[Data in this exercise Boundary: Start]

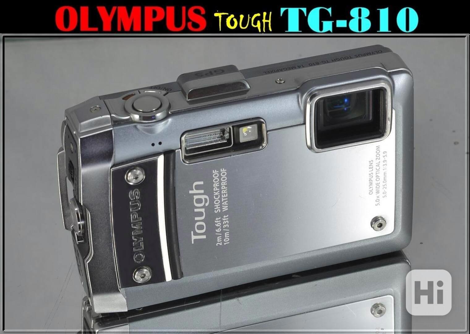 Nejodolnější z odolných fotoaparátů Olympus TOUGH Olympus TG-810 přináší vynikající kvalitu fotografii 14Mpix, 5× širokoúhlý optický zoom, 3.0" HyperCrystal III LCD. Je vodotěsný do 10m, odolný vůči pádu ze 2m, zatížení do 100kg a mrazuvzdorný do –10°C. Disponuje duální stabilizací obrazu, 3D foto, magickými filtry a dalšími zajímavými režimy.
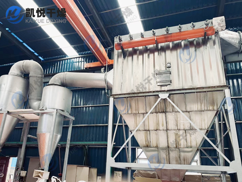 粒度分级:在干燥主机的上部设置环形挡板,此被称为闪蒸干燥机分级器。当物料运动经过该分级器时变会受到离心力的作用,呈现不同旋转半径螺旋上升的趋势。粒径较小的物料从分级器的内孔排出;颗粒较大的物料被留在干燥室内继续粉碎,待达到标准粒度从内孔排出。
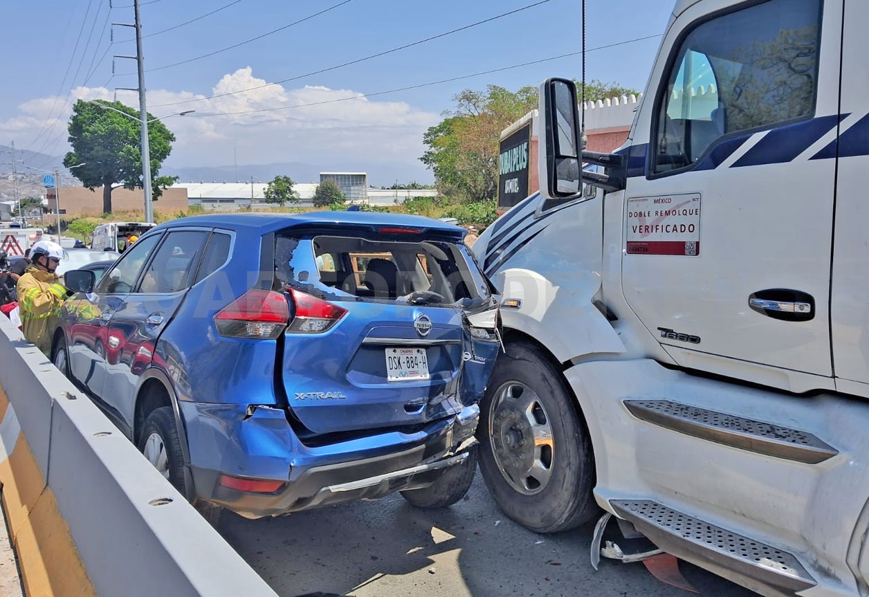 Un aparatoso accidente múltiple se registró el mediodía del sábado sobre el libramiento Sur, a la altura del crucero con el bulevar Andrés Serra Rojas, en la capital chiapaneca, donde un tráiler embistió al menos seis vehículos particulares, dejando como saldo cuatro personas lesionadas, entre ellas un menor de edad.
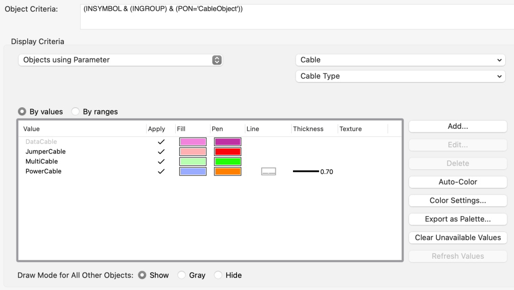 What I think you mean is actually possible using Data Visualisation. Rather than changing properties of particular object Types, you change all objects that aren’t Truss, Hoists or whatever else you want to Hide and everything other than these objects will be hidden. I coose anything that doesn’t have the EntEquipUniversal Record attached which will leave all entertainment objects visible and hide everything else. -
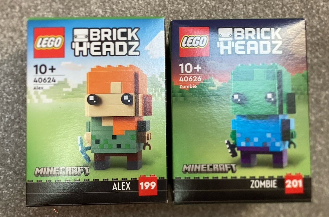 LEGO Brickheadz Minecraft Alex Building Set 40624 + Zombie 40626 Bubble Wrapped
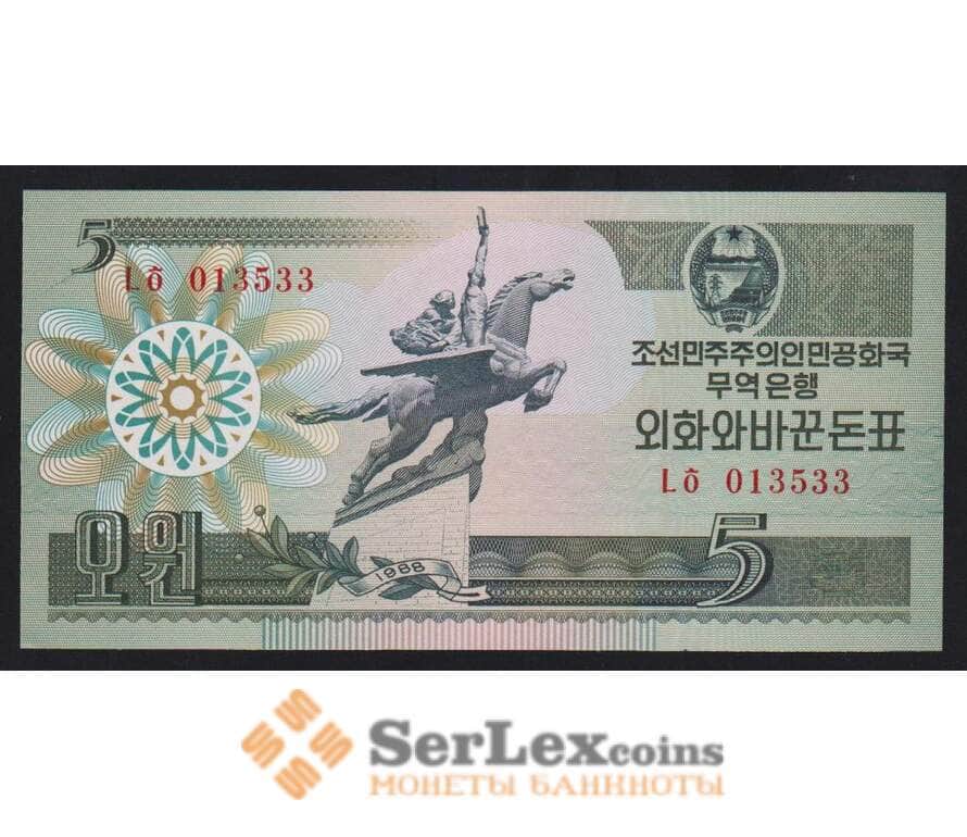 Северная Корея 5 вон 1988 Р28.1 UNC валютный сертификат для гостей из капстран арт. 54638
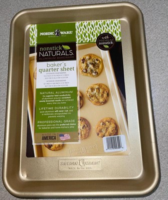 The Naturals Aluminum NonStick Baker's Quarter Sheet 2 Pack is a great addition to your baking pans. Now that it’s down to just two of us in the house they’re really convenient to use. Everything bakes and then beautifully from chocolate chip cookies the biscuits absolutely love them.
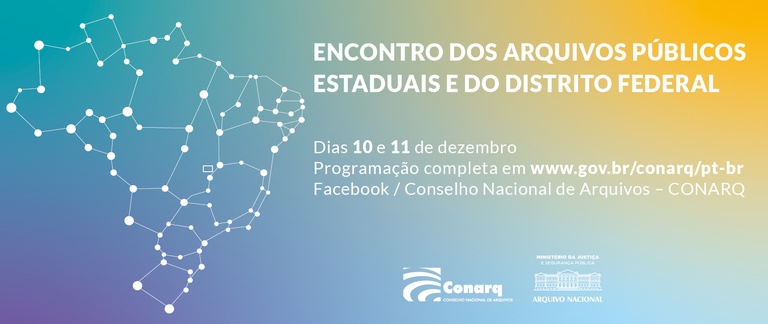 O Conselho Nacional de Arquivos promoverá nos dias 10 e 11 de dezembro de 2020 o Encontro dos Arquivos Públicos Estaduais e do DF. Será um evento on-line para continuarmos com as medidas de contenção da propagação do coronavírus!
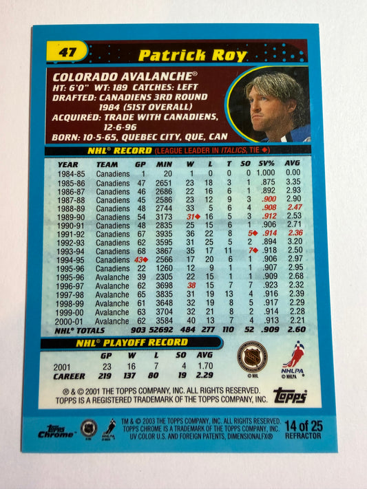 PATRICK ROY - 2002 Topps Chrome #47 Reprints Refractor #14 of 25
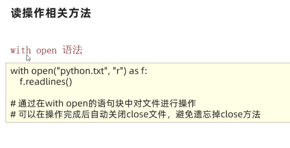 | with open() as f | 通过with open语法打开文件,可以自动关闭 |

[Data in this exercise Boundary: End]
[Data in this exercise Boundary: Start]

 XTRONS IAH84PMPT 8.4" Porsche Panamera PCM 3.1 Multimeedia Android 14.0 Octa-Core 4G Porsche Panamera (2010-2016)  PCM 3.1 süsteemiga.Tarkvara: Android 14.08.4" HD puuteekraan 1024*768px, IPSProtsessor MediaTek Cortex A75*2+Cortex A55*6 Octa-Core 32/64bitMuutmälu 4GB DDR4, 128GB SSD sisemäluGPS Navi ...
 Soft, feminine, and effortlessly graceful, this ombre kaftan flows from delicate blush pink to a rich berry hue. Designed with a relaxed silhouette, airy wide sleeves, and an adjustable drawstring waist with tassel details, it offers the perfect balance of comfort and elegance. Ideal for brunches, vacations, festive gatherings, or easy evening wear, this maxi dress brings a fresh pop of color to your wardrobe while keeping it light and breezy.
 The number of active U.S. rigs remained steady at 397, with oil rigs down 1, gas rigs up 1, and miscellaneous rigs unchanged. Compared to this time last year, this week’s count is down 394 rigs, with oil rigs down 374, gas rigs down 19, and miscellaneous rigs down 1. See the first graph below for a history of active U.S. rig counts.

[Data in this exercise Boundary: End]

• **Required work**:
Take the material above from the line bearing "LEGO Brickheadz Minecraft" through the line bearing "The Naturals Aluminum" and write it out exactly, both end lines included. Pictures stay out.

• **Task result**:
 LEGO Brickheadz Minecraft Alex Building Set 40624 + Zombie 40626 Bubble Wrapped
 Северная Корея 5 вон 1988 Р28.1 UNC валютный сертификат для гостей из капстран арт. 54638
 The Naturals Aluminum NonStick Baker's Quarter Sheet 2 Pack is a great addition to your baking pans. Now that it’s down to just two of us in the house they’re really convenient to use. Everything bakes and then beautifully from chocolate chip cookies the biscuits absolutely love them.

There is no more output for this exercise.